PARTILERİ KAPATMAK DEMEK BİR SÜRESORUNLARDAN VE HAKİKATTEN KAÇMAK GERÇEKLERLE YÜZLEŞEMEMEK DEMEKTİR
KÜRT SİYASAL HAREKETİ VE BİLEŞENLERİ Kürt Partileri ve HDP Kürt Halkının vaz geçilemez olan siyasal ,sosyal hak talepleri, evrensel hukuk ilkeleri, İnsan hakları ileri Demokrasi ve Anayasal temelde nihai bir çözüme kavuşturulması olmazsa olmaz şart ve gerekli olmuştur.
PEKİ BU TALEPLER NELERDİR.?
Kürtler Eskiye Benzer Yalana ,Hileye Hurdaya,Aldatmaya Kandırmaya İnkara dayalı Yeni bir açılım saçılımı gibi saçma sapan bir çözüm süreci tekrar yaşamak İstemeyeceklerdir.
PEKİ O HALDE NE İSTİYORLAR ?
Erdemli,haysiyetli,doğru bilgilere beyan ve taahhütlere dayali bu güne kadar doğuştan kazanılan ve gasp edimiş olan İlÂhi Adalet ve haklar temelinde insan Hakları evrensel beyannamesinde hukukla sabit olan eşit vatandaşlık haklarının yasal ve Anayasal güvenceler altına alınması hususunu ülkemiz ve Batı kamu oyu nezdinde gayri Kabulü Rücü beyan ve talep etmektedir.

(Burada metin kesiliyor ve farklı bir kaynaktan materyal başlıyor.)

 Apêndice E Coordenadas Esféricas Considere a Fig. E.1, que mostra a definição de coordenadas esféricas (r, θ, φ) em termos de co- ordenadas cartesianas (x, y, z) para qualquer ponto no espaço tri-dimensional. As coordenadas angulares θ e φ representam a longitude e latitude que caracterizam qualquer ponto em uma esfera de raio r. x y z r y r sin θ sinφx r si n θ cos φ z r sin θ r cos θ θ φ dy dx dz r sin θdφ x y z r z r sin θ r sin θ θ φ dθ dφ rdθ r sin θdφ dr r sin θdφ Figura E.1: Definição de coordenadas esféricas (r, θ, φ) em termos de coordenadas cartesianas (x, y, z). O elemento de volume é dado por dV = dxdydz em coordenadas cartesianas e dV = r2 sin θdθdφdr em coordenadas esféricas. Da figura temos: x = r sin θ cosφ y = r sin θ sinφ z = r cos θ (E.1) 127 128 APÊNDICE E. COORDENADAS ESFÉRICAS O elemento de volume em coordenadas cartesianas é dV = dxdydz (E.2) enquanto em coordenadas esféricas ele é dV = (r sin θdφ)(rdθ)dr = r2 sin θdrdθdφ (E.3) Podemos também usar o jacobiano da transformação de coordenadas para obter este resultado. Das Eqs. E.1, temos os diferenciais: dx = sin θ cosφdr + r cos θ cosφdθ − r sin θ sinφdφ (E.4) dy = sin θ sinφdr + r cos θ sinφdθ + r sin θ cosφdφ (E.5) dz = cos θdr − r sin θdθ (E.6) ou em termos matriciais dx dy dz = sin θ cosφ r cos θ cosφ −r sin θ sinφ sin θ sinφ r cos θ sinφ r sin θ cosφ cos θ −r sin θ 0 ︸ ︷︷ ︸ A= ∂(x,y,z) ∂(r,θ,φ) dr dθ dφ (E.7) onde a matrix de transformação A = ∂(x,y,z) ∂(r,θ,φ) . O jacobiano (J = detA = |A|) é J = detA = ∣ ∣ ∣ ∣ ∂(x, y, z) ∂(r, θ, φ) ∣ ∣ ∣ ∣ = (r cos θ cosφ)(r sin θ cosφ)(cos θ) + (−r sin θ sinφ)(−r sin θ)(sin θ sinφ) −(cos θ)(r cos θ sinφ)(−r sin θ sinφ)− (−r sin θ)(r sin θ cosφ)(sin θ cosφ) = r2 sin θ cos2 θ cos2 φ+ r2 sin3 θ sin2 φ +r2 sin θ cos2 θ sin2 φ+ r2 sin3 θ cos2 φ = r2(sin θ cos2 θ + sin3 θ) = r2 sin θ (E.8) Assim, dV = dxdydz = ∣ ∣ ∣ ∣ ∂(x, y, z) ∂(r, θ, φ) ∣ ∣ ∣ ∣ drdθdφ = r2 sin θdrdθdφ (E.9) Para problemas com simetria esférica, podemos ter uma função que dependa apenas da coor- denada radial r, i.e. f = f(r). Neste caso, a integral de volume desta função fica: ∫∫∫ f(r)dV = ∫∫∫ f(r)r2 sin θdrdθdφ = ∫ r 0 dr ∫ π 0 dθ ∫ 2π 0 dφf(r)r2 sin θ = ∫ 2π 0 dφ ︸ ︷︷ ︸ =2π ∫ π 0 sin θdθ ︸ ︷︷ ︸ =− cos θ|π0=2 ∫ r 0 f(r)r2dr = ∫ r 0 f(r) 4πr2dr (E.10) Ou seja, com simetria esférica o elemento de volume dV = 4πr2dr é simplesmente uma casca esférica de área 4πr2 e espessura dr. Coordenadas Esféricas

1-Ana dilde A/Z ye tam kapsamlı eğitimin verilmesi yani ana okulundan üniversite eğitimine kadar tam ve kesintisiz bir eğitimin verilmesi yanında Türkçenin ve diğer dillerin de öğretilmesi gerekli olacaktır
Kürt halkı bu hizmetleri ödediği kendi öz vergileri karşılığında devletinden isteme ve talep etme hakkına sonuna kadar sahiptirler.

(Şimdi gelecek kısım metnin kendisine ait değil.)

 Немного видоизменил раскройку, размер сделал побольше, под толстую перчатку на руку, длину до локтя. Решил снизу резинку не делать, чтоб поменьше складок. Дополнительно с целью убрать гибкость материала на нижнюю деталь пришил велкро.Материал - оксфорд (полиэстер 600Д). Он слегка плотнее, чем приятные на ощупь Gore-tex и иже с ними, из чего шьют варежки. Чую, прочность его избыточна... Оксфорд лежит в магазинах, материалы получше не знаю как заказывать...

2-Kürt Halkının yoğun olarak bulunduğu bölgelerde ihtiyaç duyulan alanlarda kürt halkının gereksinim ve ihtiyaçlarına cevap verilmesi açısından Kürt dilinin ikinci bir dil olarak kullanılması şart ve gerekli olmuştur.
3-Kürt dilinin inkarı (x) bilinmeyen bir dil denmesi Kürt halkına karşı işlenmiş olan çok büyük bir saygısızlık ve tarihsel olarak ta büyük bir ihanettir .
Kürtler antik ve neolotik çağa ait en az 25.000 yıllık bir tarihi olan anadolu ve mezopotamyanın asıl sahibi olan büyük bir halktır.
Kürt dili resmi dil olarak Selçuklular ve osmanlılar döneminde 1600 yıllarına kadar saray dili olarak kullanılmış ve bilinmektedir İddia edildiği gibi farsça değildir.Fars dili kürtçeden tebaruz etmiş bir dildir.
Türkiyenin Cumhuriyet döneminde artık bu ırkçı tekçi hastalıklı inkarcı zihniyetin utancından kurtulması şart ve gereklidir.
4-Tarihi kültürel yerleşim yerlerinin eski isimleri mutlaka tarihi köklerine uygun olarak yeniden taşınmalıdır.
5- Her bir şehrinde Güçlendirilmiş yerel yönetimler özerklik şartı Türkiye ve avrupa birliği için en uygun modeldir,bunun hayata geçirilöesi şart ve gereklidir.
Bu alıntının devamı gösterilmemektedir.